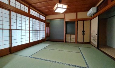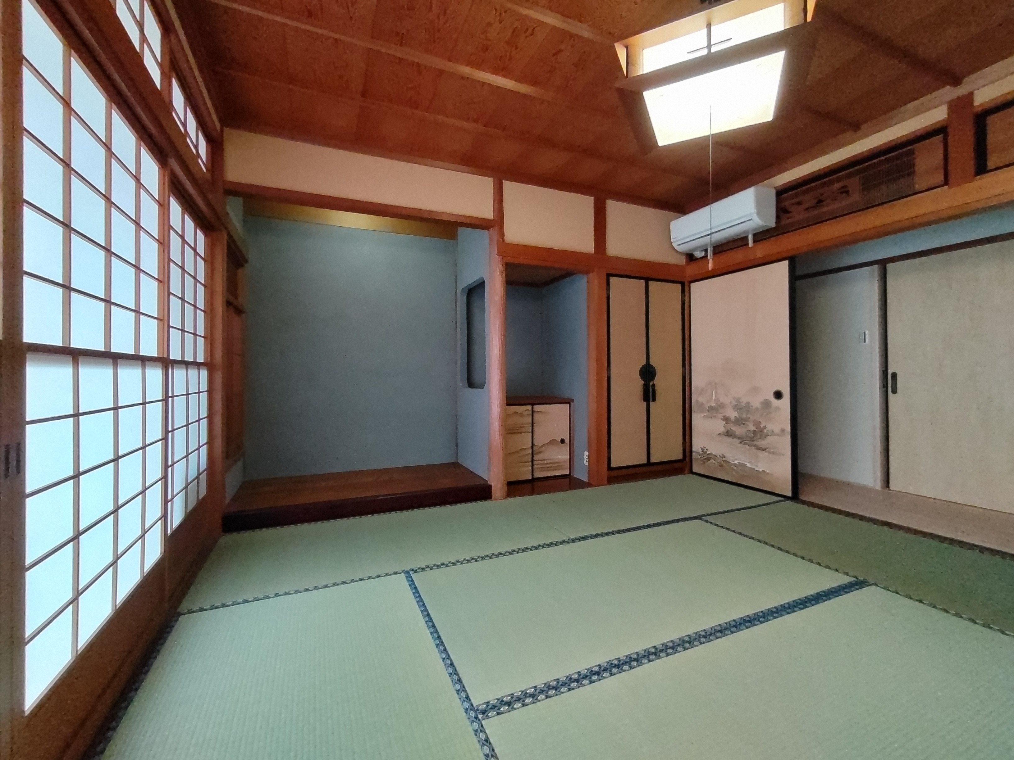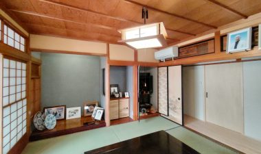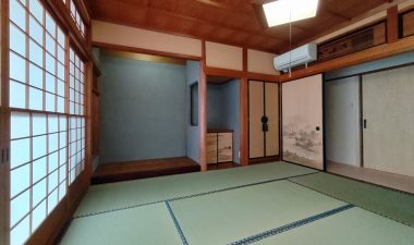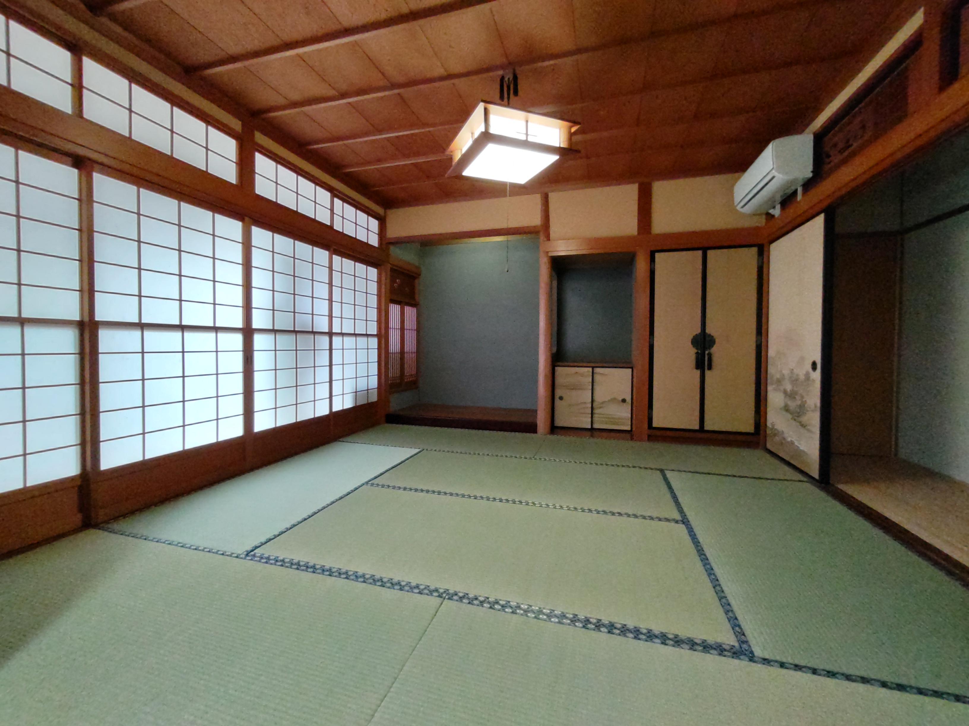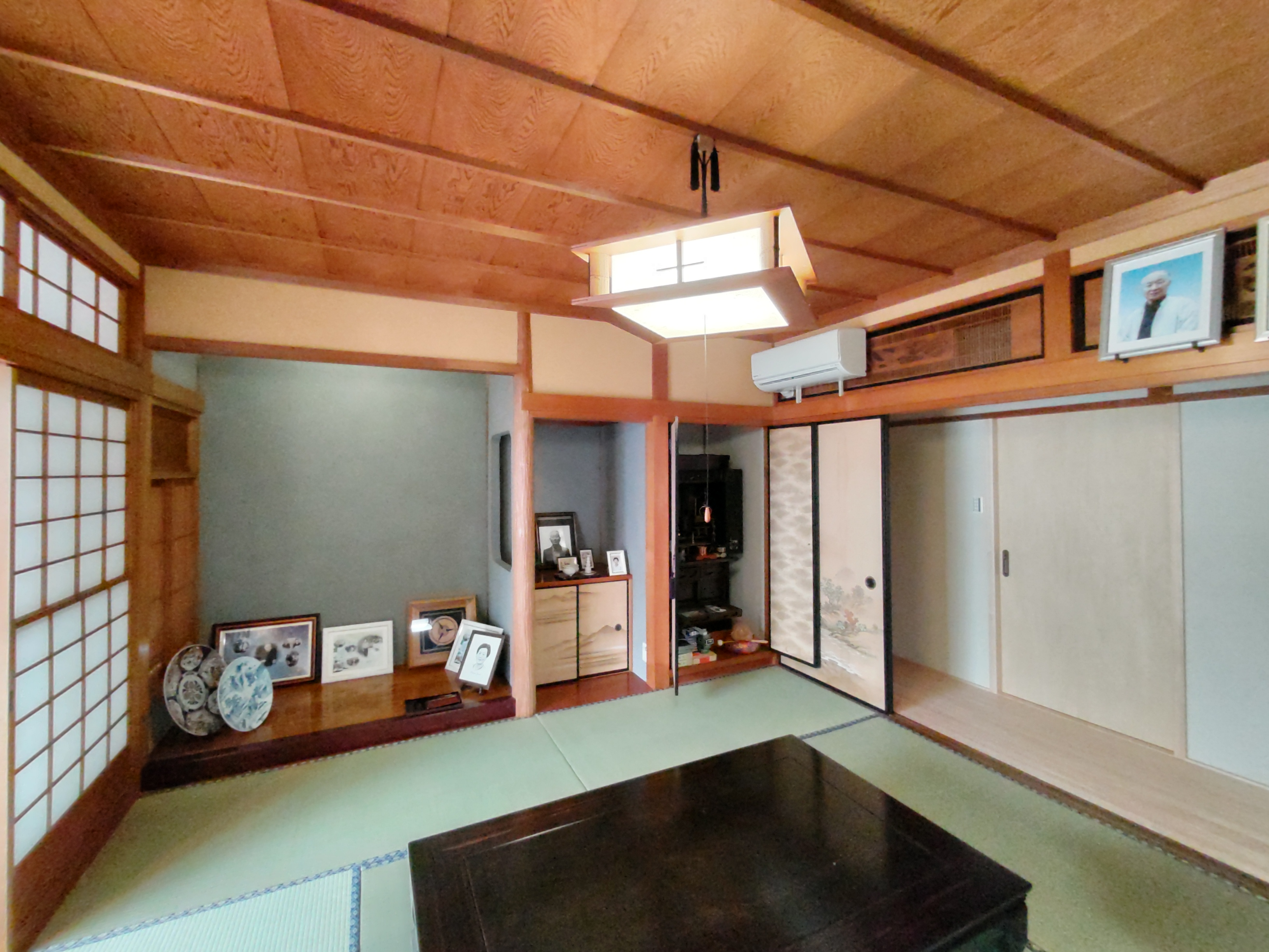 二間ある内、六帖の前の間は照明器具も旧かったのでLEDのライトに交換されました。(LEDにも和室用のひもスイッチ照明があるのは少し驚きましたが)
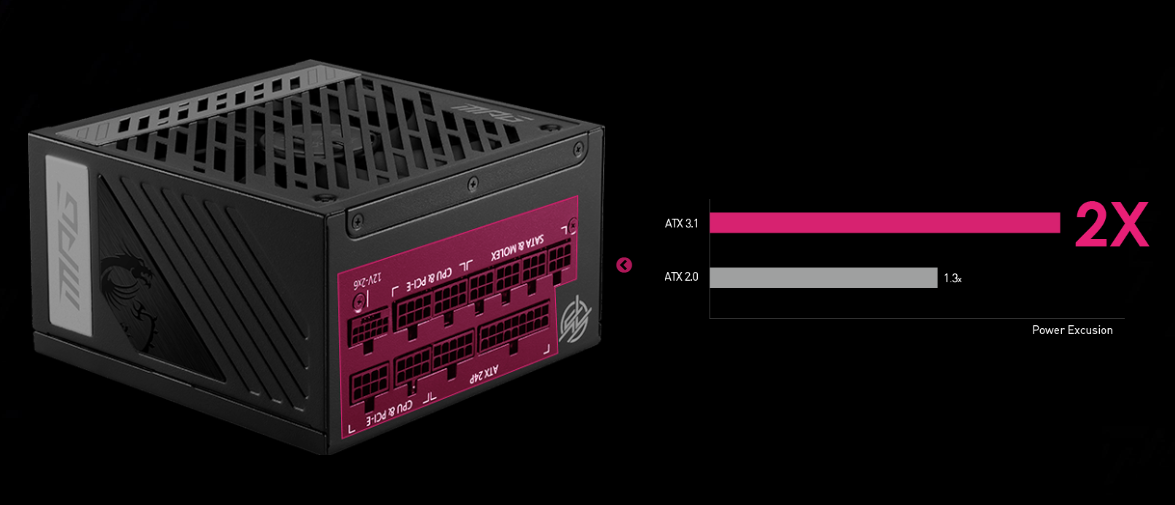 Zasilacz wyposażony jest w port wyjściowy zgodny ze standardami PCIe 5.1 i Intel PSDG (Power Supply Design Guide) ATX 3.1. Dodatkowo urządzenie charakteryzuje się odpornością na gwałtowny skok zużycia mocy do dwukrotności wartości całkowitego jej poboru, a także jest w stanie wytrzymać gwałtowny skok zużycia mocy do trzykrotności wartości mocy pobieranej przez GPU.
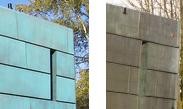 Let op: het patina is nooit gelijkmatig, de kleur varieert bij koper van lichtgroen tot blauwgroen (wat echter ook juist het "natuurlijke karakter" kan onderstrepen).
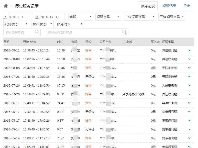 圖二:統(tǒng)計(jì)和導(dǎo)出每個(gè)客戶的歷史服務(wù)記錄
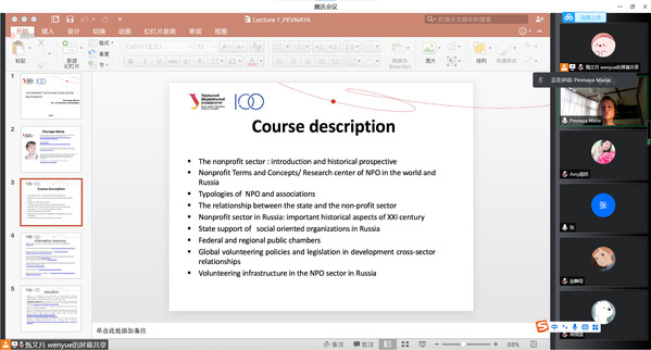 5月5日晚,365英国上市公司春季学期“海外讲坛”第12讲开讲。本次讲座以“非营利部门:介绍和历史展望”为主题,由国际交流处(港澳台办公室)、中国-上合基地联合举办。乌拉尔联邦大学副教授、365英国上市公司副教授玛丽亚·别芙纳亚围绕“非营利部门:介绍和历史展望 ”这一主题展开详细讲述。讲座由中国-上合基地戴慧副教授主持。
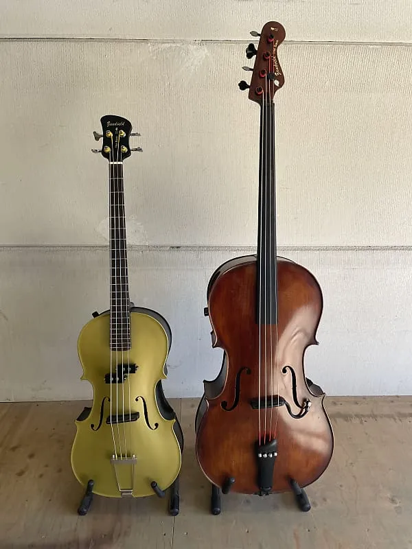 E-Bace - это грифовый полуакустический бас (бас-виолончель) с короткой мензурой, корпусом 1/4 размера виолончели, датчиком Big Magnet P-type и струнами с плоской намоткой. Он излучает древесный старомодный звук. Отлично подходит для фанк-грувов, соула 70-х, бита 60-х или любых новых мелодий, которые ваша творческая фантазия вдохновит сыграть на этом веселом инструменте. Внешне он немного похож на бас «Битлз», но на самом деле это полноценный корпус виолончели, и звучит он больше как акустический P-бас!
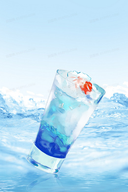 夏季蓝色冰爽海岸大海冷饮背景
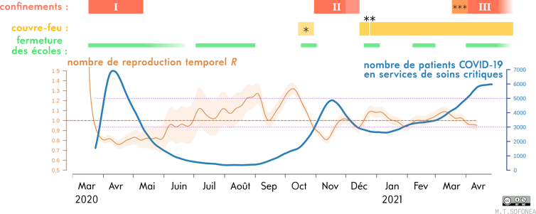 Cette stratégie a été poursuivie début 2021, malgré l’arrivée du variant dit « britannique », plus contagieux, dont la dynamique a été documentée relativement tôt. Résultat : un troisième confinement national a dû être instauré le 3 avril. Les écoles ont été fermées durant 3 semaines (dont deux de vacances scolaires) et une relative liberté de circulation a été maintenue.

──────

» Task to carry out:
Everything above from the line containing "Let op: het" through the line containing "5月5日晚,365英国上市公" must be repeated exactly, and the pictures must be left out.

» Your response:
 Let op: het patina is nooit gelijkmatig, de kleur varieert bij koper van lichtgroen tot blauwgroen (wat echter ook juist het "natuurlijke karakter" kan onderstrepen).
 圖二:統(tǒng)計(jì)和導(dǎo)出每個(gè)客戶的歷史服務(wù)記錄
 5月5日晚,365英国上市公司春季学期“海外讲坛”第12讲开讲。本次讲座以“非营利部门:介绍和历史展望”为主题,由国际交流处(港澳台办公室)、中国-上合基地联合举办。乌拉尔联邦大学副教授、365英国上市公司副教授玛丽亚·别芙纳亚围绕“非营利部门:介绍和历史展望 ”这一主题展开详细讲述。讲座由中国-上合基地戴慧副教授主持。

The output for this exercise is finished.